FARMERS have protested against the law saying all road vehicles must carry a breath test - because it also applies to them on their tractors.
The only vehicles exempt under the law are mopeds as they have no storage space, but the farmers' federation Coordination Rurale has said that tractors are equally badly served and have no clean and secure storage.
Now they have complained angrily to the agriculture and interior ministers saying the law is "absurd" as tractors are used only very occasionally on the roads. President Bernard Lannes said tractors do not go faster than 40kph and are not a major problem on the roads.
The federation has asked for an exemption to the "stupid" law, which comes into full force on November 1 when non-possession of a working breathalyser will mean a €11 fine.
It says that the law "far from curbing drink-driving problems and accidents, would only create a captive and lucrative market for breathalyser manufacturers as the equipment goes out of date and, even without drinking a drop of alcohol, needs to be renewed regularly".

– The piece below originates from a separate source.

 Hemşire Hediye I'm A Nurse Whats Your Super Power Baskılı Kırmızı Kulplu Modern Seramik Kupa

Marie-Odile Morin, vice-president of the Fédération Départementale des Syndicats d'Exploitants Agricoles, has also attacked the law, saying the idea of breath tests on tractors was "ridiculous" and in summer they could face temperatures higher than their 40C maximum and be rendered useless.

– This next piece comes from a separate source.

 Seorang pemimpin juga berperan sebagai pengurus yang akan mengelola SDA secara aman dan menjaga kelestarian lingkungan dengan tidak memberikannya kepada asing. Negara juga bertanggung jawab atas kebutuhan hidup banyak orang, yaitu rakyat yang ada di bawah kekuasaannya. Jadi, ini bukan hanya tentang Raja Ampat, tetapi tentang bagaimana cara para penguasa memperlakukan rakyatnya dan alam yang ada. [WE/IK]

Complaints of a shortage of breath tests in the shops have been echoed by UMP Haute-Savoie senator Pierre Hérisson, the president of the Automobile Club du Mont-Blanc, who said he suspected that the market was being rigged to increase prices.
He told Le Dauphine in January "a pack of two breath tests cost €0.92, but today a single breath test could cost €4.07 - a price rise of 885% in just six months".
He said that even in supermarkets the prices were rising as people started to fear not being able to get hold of a kit. He noted that a supermarket had a two-pack at €2.20 on June 20 but by the beginning of August this had risen to €3.